This invention relates to a temperature responsive switch for electrically heated devices, particularly baking ovens. The temperature responsive switch may be of the type which has an electrically heated bimetal, a setting arm and a stationary contact arranged therebetween. These three components which are inserted stackwise on a securing post, such as a hollow rivet, are spaced from one another by electrically insulating discs and project from the post in the same direction, approximately parallel to one another. There is further provided a contact spring which is biased in the direction of the stationary contact and whose fixed end is secured to the movable terminus of the setting arm. The setting arm may be displaced from its mid position by pressure exerted thereon by the bimetal and by a temperature preselector. The bimetal is connected to the electric circuit of the device served by the temperature responsive switch such that when the circuit is closed, current flows through the bimetal.

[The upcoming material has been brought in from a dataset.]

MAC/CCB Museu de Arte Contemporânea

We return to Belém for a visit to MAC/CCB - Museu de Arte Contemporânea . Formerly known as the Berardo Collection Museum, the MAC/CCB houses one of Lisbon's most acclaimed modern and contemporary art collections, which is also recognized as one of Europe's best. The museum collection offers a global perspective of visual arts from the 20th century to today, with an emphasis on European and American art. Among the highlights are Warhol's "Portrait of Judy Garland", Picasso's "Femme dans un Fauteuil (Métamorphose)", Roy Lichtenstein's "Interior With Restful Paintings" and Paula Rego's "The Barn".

A temperature responsive switch of the above-outlined known type, if serving, for example, a water heater, provides for heating the water to a preselected temperature and for maintaining the water at that temperature. Such a temperature responsive switch is an output regulator which is controlled exclusively by the current flowing through the bimetal. The heating of the bimetal occurs according to the principle of resistance heating. As soon as the water heater has reached the desired temperature, the bimetal swings the contact spring out of its contacting position into the OFF position. After a certain cooling period which starts as the heating current is interrupted, the contact spring, by virtue of its bias, swings back into the ON position whereby the heating process resumes up to the moment of the successive switch-off. Thus, in this manner, the water heater is maintained essentially at constant heat-up temperatures, and overheating is prevented by the periodic switch-offs. Further, the calorie loss due to the cooling is resupplied after a certain delay during the renewed ON periods. The temperature preselecting device effects a displacement of the movable end of the setting arm and thus causes a change of the position of the stationary end of the contact spring. By virtue of the displacement of the movable end of the setting arm the switch-off effect of the bimetal on the contact spring is made dependent from a variable, predetermined extent of deformation of the bimetal, that is, the holding temperature of the switch may be preselected.

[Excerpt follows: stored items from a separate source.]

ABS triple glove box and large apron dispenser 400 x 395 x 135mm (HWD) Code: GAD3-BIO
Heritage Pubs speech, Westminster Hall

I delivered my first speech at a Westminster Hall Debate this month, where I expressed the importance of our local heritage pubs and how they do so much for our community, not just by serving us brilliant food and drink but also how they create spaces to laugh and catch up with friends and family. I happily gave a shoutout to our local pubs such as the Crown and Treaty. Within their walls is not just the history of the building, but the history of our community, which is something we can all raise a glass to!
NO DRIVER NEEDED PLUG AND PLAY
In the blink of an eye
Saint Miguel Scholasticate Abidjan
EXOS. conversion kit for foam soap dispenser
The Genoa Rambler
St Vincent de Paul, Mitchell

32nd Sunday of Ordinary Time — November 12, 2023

Output regulators of the above-outlined type have the disadvantage that the heat requirement of, for example, the inner space of a baking oven is not taken into account in the regulating process. The switch-off occurs conventionally only as a function of the current flow. The periods of ON position of the output regulator are constant even during the heat-up phase with the result that the heating temperature does not increase sufficiently rapidly. It is, however, an advantage of this type of output regulator that relatively short switching times can be realized. Thus, such output regulators often work with an ON period of only 1 to 2%.

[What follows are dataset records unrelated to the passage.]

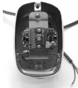
LED assembly mounted in a reproduction housing.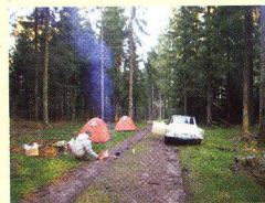
I'm sure this isn't a golf course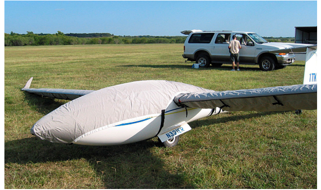
Canopy/Nose Cover, Wings and Horizontal Stab Covers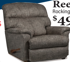
Reed Rocking Recliner $499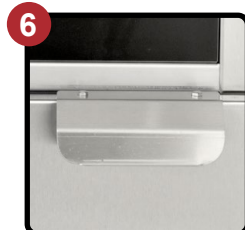
Work Flow Handle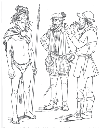
A Timucua (Florida) warrior meets Spanish explorers in 1528. All wear traditional clothes for their cultures.

Another animal product that Indians made great use of was bird feathers. We are all familiar with the image of the Plains Indians' long feather headdresses, but feathers were used in other ways too. The Southeastern Indians designed beautiful feather cloaks,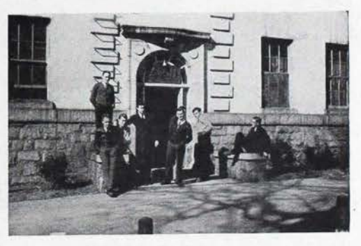
ENTRANCE TO OUR SOUTH CAROLINA CHAPTER HOUSE

Yes, prosperity is just around the corner, for Psi Chapter has turned that corner and can see prosperity straight ahead.—HOWARD OLMSTED

Further, temperature responsive switches are known wherein the bimetal is controlled solely by the actual temperature of the electric device served by the switch. It is a disadvantage of such temperature responsive switches that the regulating periods are too long because of the distance between the switch and the heated environment. Further, the difference between switch-off temperature and switch-on temperature has been found to be very high. The switching behavior of such temperature responsive switches has a relatively high inertia. It is, however, an advantage of this type of temperature responsive switch that regulation may be effected as a function of the necessary heat requirements.